**INFORMATION PROVIDED**.
Start of Block
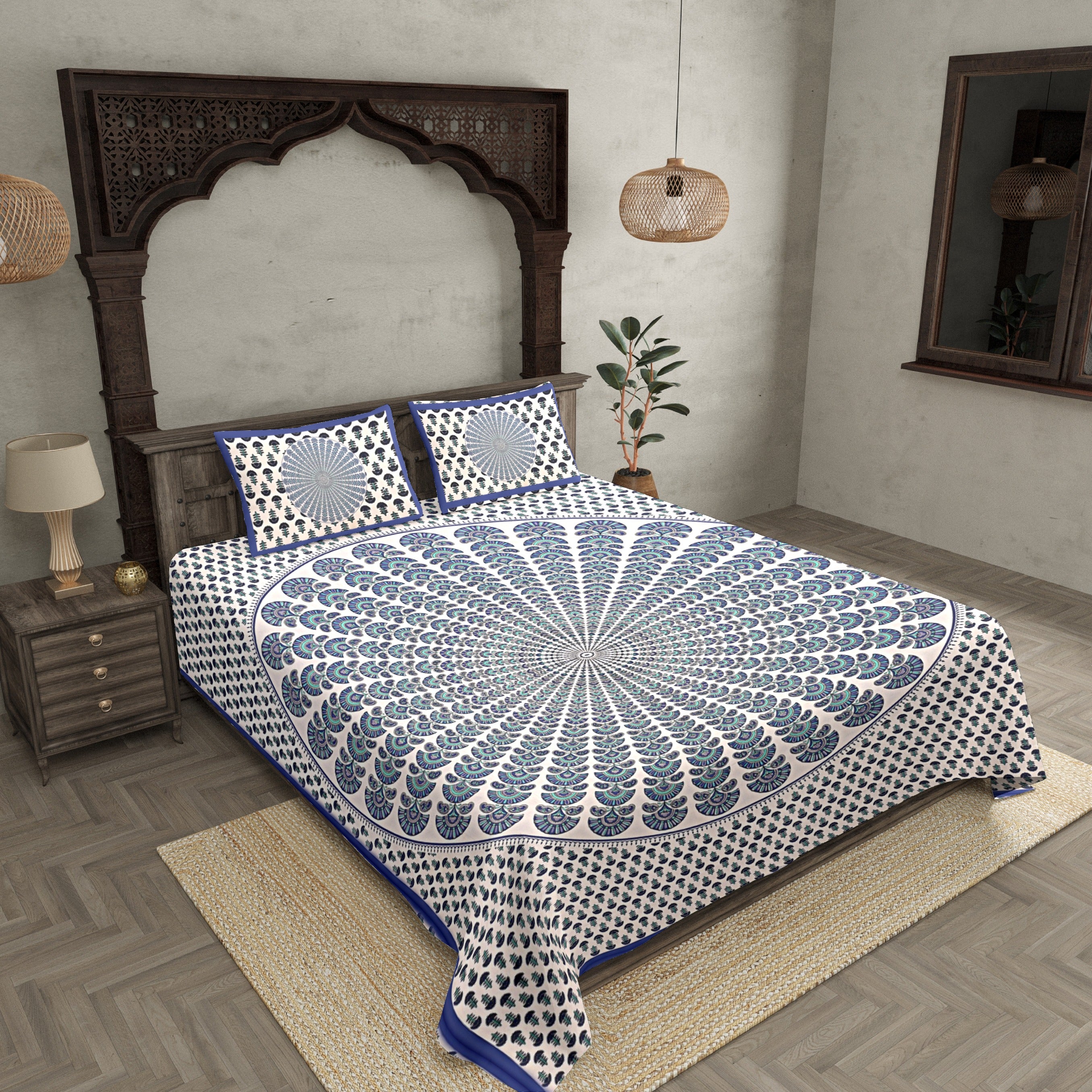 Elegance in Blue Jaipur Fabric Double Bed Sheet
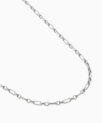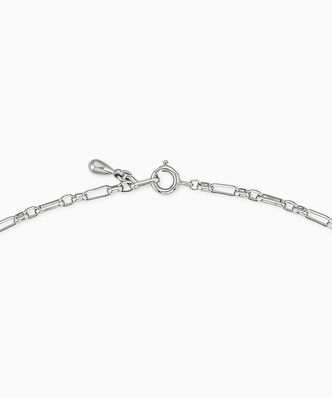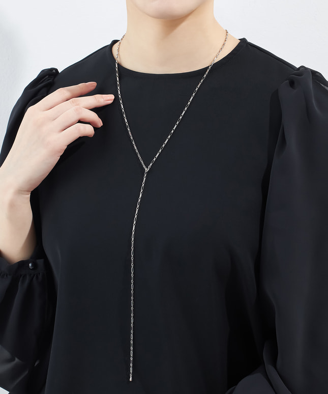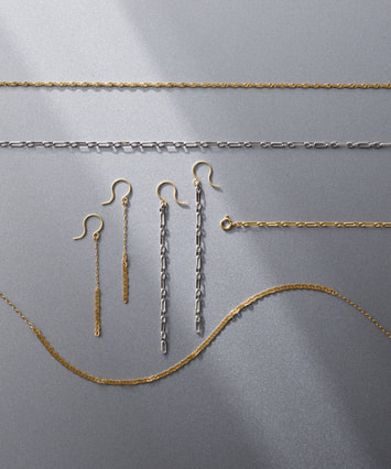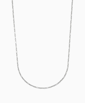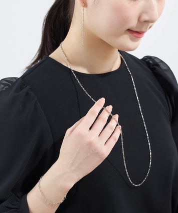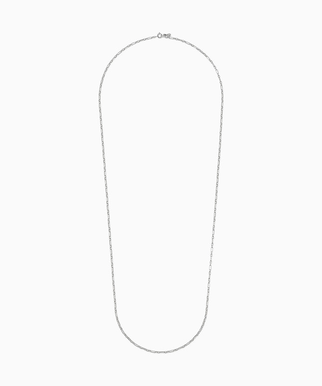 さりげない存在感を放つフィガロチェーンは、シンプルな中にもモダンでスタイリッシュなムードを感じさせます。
End of Block
Start of Block
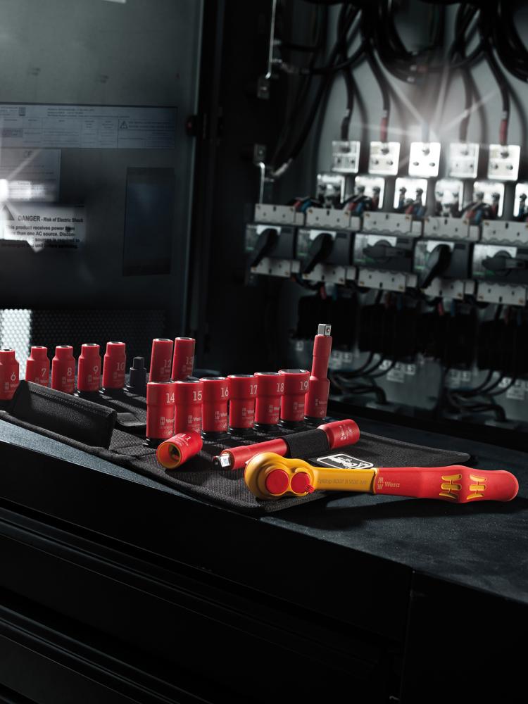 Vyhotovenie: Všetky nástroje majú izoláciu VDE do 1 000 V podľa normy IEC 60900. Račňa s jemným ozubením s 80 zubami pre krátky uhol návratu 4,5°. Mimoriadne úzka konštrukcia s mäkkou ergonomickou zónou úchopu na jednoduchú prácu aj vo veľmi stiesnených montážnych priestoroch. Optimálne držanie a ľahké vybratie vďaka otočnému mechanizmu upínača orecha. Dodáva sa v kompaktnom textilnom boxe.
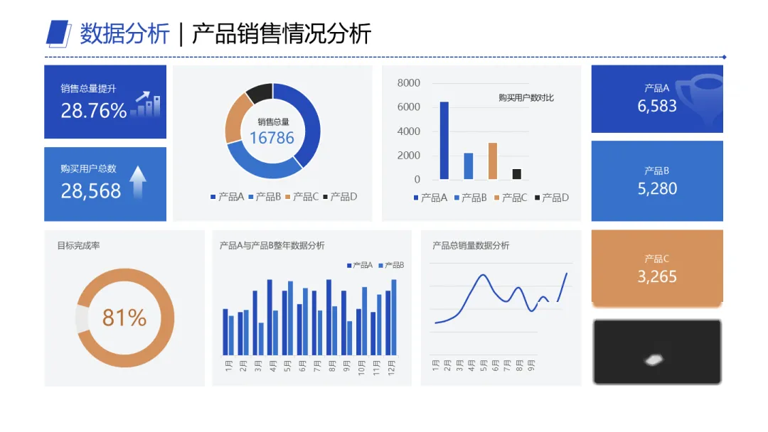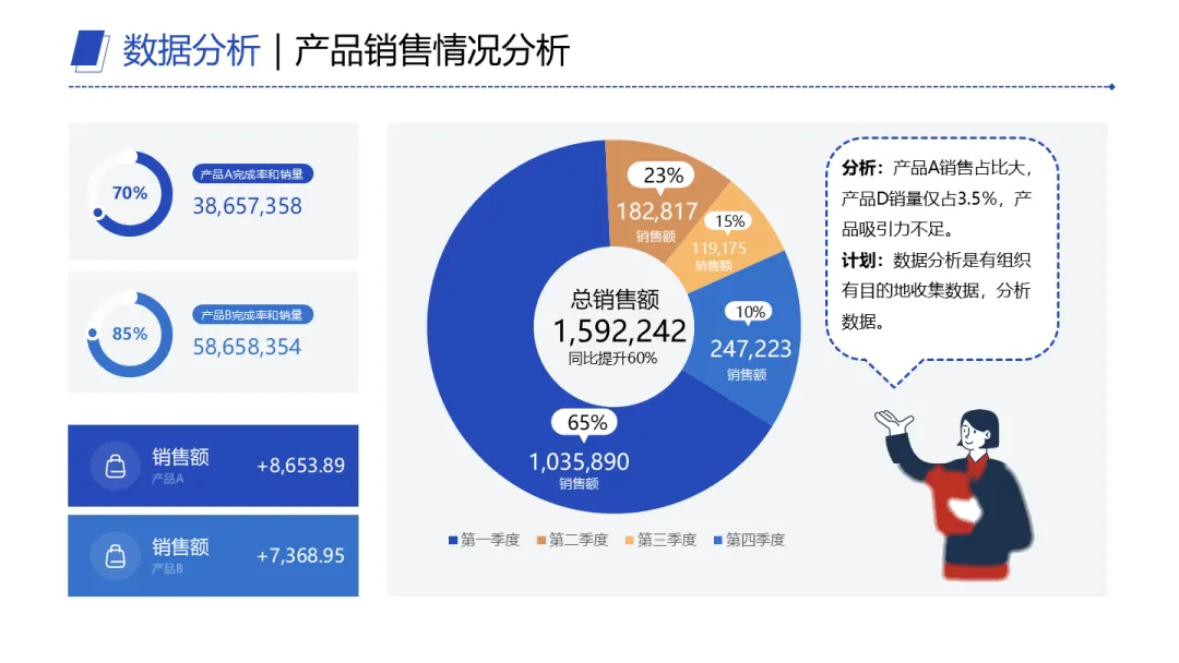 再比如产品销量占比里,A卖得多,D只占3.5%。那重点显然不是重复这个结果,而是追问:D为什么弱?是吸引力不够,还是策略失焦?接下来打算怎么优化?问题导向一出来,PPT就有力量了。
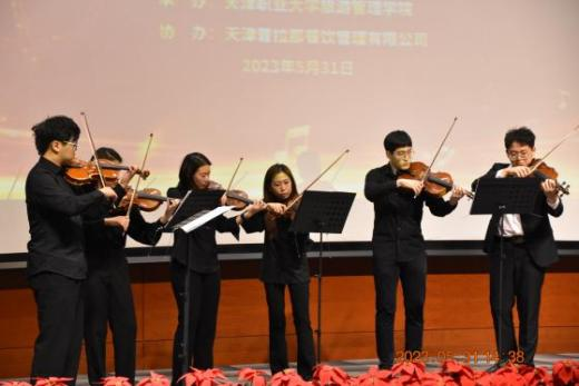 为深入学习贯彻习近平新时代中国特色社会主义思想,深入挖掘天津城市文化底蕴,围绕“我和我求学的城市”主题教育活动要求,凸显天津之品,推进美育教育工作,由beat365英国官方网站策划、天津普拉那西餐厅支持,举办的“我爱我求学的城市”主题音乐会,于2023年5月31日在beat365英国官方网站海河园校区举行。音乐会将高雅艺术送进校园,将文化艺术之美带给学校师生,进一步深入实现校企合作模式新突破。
End of Block
Start of Block
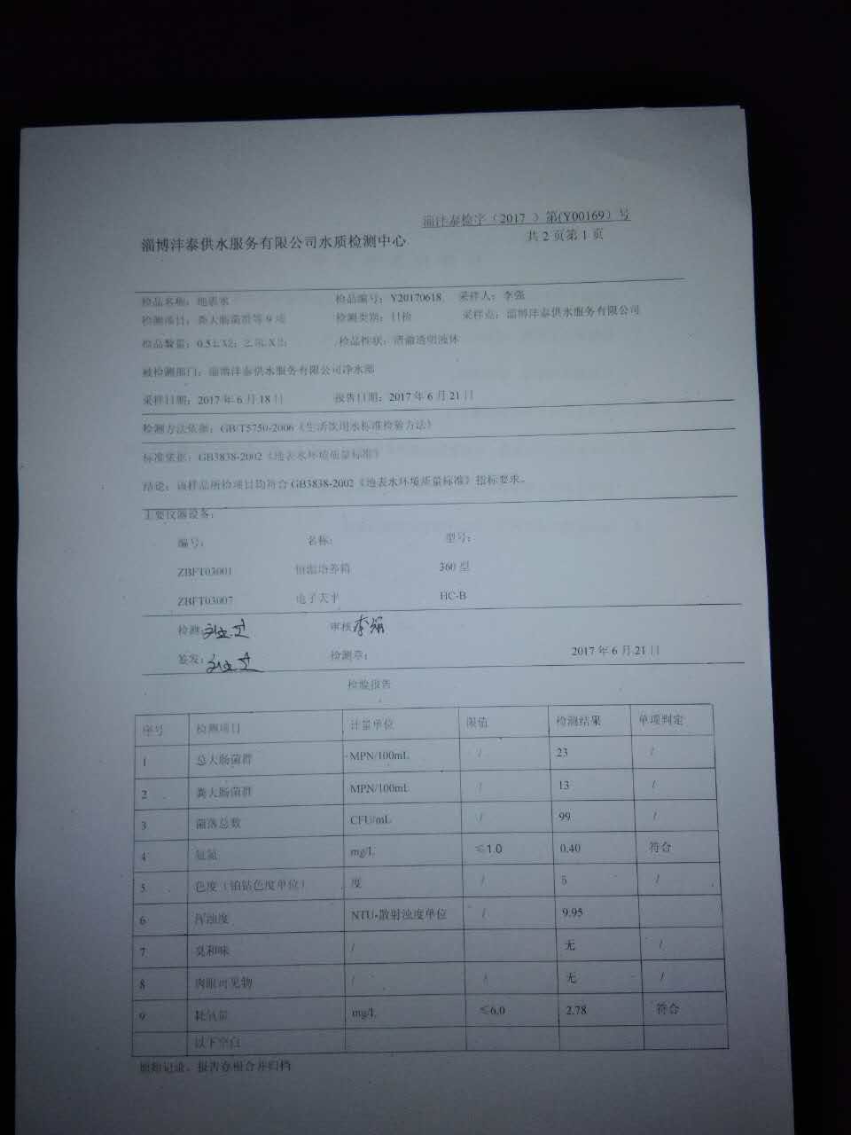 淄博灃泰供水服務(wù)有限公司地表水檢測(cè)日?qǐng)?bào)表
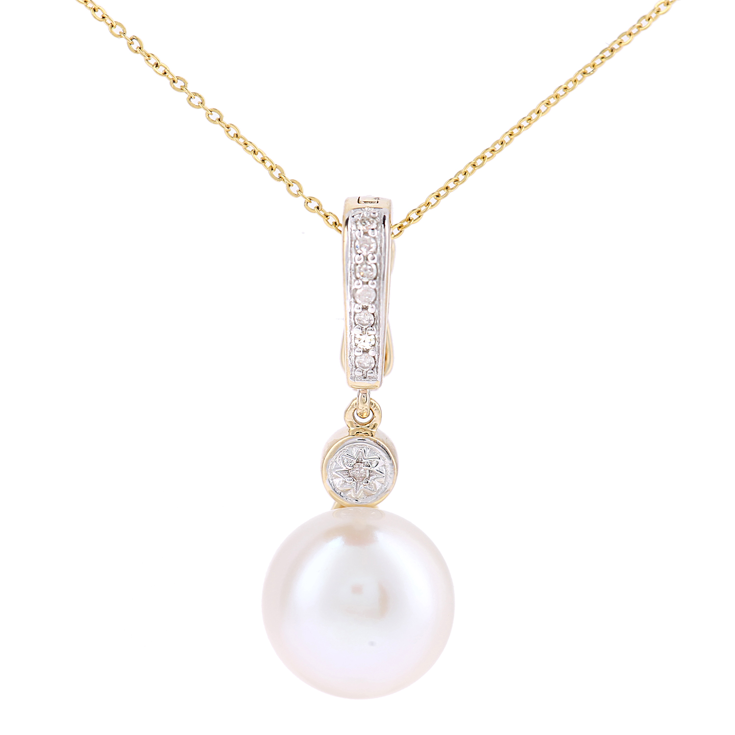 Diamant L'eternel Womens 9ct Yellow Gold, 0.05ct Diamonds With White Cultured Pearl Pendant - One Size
End of Block
**TASK TO COMPLETE**. Those lines of the records above that run from the one containing "Elegance in Blue" through the one containing "さりげない存在感を放つフィガ" should be returned exactly, with no pictures among them.

**REPLY TO THE EXERCISE**.
 Elegance in Blue Jaipur Fabric Double Bed Sheet
 さりげない存在感を放つフィガロチェーンは、シンプルな中にもモダンでスタイリッシュなムードを感じさせます。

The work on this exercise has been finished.